E’ sempre più chiaro che la chiave di una terapia efficace contro il morbo d’Alzheimer risiede in una diagnosi che possa precedere l’insorgere dei sintomi più evidenti.
di Lisa Ovi
Il morbo di Alzheimer comincia ad interferire con il cervello molti anni prima che i sintomi si facciano apparenti. Il mondo scientifico comincia a concentrare gli sforzi della ricerca sulla necessità di riconoscere l’azione del morbo con sempre maggiore anticipo nella speranza che una diagnosi anticipata possa permettere ai trattamenti di essere più efficaci.
La tecnologia potrebbe avere un ruolo sia nell’accelerare la conoscenza del morbo che nel diagnosticare e monitorarne gli sviluppi. L’evoluzione rapida nel campo dell’intelligenza artificiale e la presenza dilagante di dispositivi mobili aprono le porte al possibile sviluppo di strumenti che facciano parte della vita quotidiana degli utenti. Due nuovi studi esemplificano le nuove possibilità a disposizione della medicina.

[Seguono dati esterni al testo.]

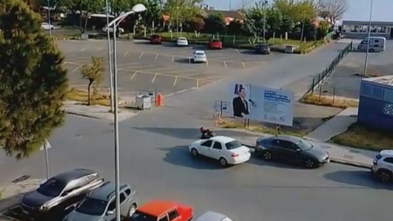 Kaza saat 18.00 sıralarında Piri Mehmet Paşa Mahallesi İnönü Caddesi'nde meydana geldi. Yol kenarındaki otoparka girmek için manevra yapan otomobil, sağ tarafından geçen motosiklete çarptı. Motosiklette yolcu olan kişinin kask takmadığı görülürken, kazanın etkisiyle yola savrulan 2 kişinin yaralanmadığı anlaşıldı. Kaza anı cep telefonu ile görüntülendi.
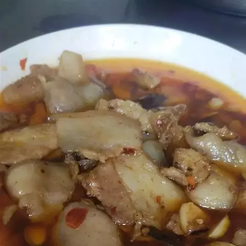 另外葱姜蒜和泡红椒一样都不可少,少了就不是原来的味道了。
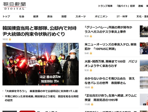 <아사히신문>은 윤 대통령 구속영장 집행을 둘러싸고 “한국 수사당국과 군부대가 관저 내에서 대치”하고 있다면서, ‘불발로 끝난 비상계엄, 한국군은 어떻게 바뀌었는지 지난 일을 얘기하는 전 장교의 증언’ 등 관련 기사들도 함께 실었다.
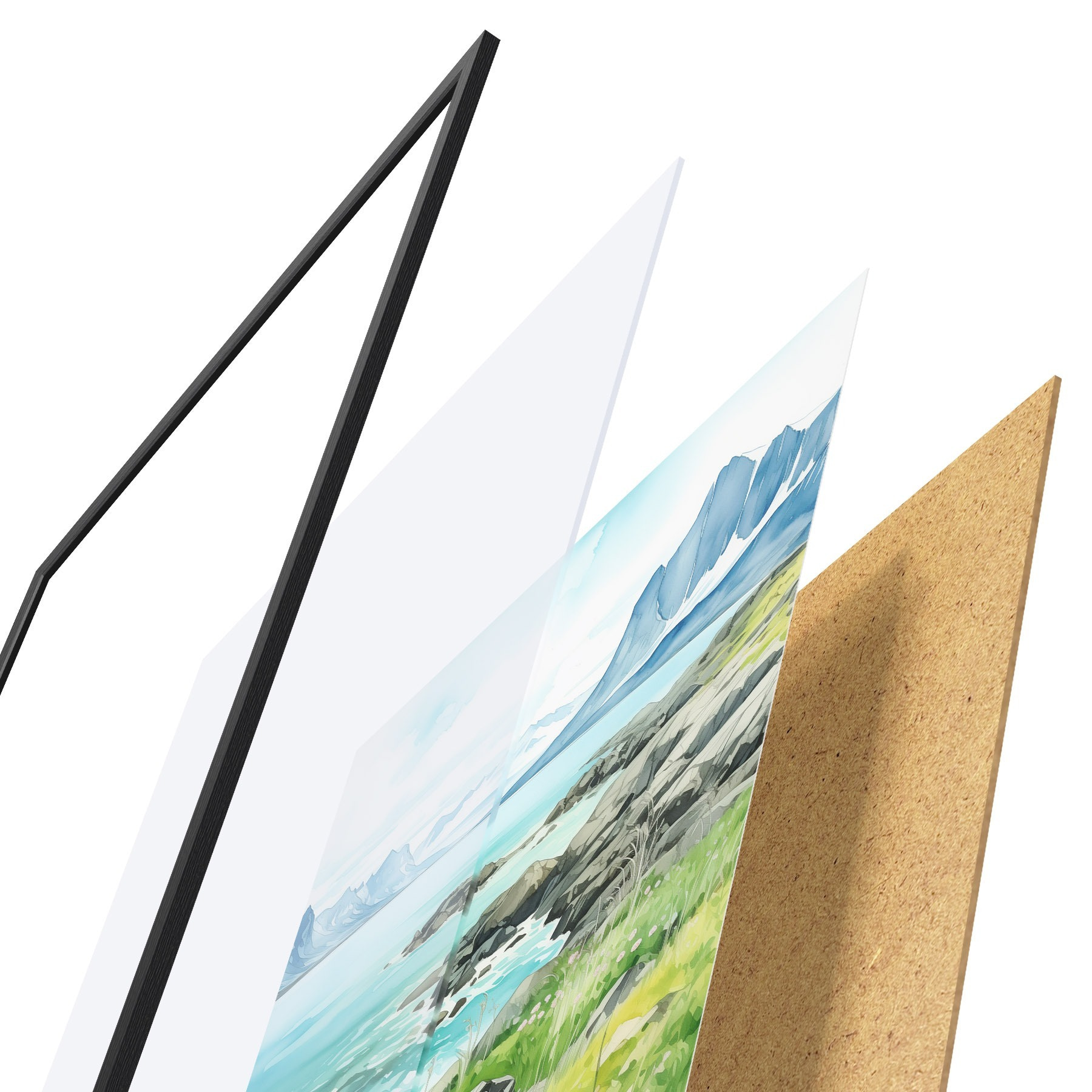 Le poster se compose d'un cadre, d'un plexiglas, d'une image imprimée et d'un support en aggloméré. Le poster peut être immédiatement accroché au mur grâce aux fixations au dos.

Ricercatori della University of California – Davis Health sono riusciti ad insegnare ad un computer come identificare con precisione la presenza di amiloidi tra i tessuti di un cervello umano. Pubblicata su Nature Communications, la ricerca è stata condotta sotto la guida di Brittany Dugger, assistant professor del dipartimento di patologia della UC Davis, in collaborazione con il collega Michael J. Keiser, assistant professor del dipartimento di malattie neurodegenerative e chimica farmaceutica.
Le placche di amiloidi sono agglomerati di frammenti proteici che si formano nel cervello affetto da Alzheimer e distruggono le connessioni tra le cellule nervose. Il programma di apprendimento automatico creato dai ricercatori della UC Davis si è rivelato capace di riconoscere velocemente la presenza di placche di amiloidi. Lo strumento è stato pensato come supporto per il lavoro dei neuropatologi, in quanto capace di analizzare velocemente grandi volumi di dati. L’automazione del laborioso processo di identificazione ed analisi delle minuscole placche permetterà ai neuropatologi di studiare più da vicino i risultati e porsi più domande a cui cercare risposta.
In un secondo studio, ricercatori della University of Cambridge hanno dimostrato come strumenti di realtà virtuale siano in grado di diagnosticare segni precoci d’Alzheimer più accuratamente dei test cognitivi attualmente in uso. La ricerca è stata pubblicata su Brain e condotta da ricercatori del dipartimento di neuroscienze cliniche della Cambridge, sotto la direzione del Dr Dennis Chan, in collaborazione con il professor Neil Burgess della UCL.
Uno dei primi sintomi della malattia è la perdita del senso dell’orientamento. Non a caso, una delle prime aeree del cervello affette dall’Alzheimer è la corteccia entorinale, sede del nostro sistema di navigazione interno. I ricercatori hanno sviluppato e testato un test di navigazione VR per pazienti a rischio di demenza. Una cinquantina di pazienti affetti da mild cognitive impairment (MCI) hanno indossato occhiali VR ed esplorato un ambiente appositamente progettato per valutare la funzionalità della loro corteccia entorinale. Il test di navigazione in VR si è rivelato capace di distinguere i pazienti ad alto rischio di Alzheimer da quelli meno a rischio con più precisione delle batterie di test in uso. I ricercatori teorizzano che possa essere utilizzato anche per valutare gli effetti dei farmaci contro l’Alzheimer.
Questi progetti rappresentano degli ottimi esempi di scienza traslazionale interdisciplinare. Neuropatologi, informatici, medici ed ingegneri hanno collaborato alla risoluzione di un problema comune.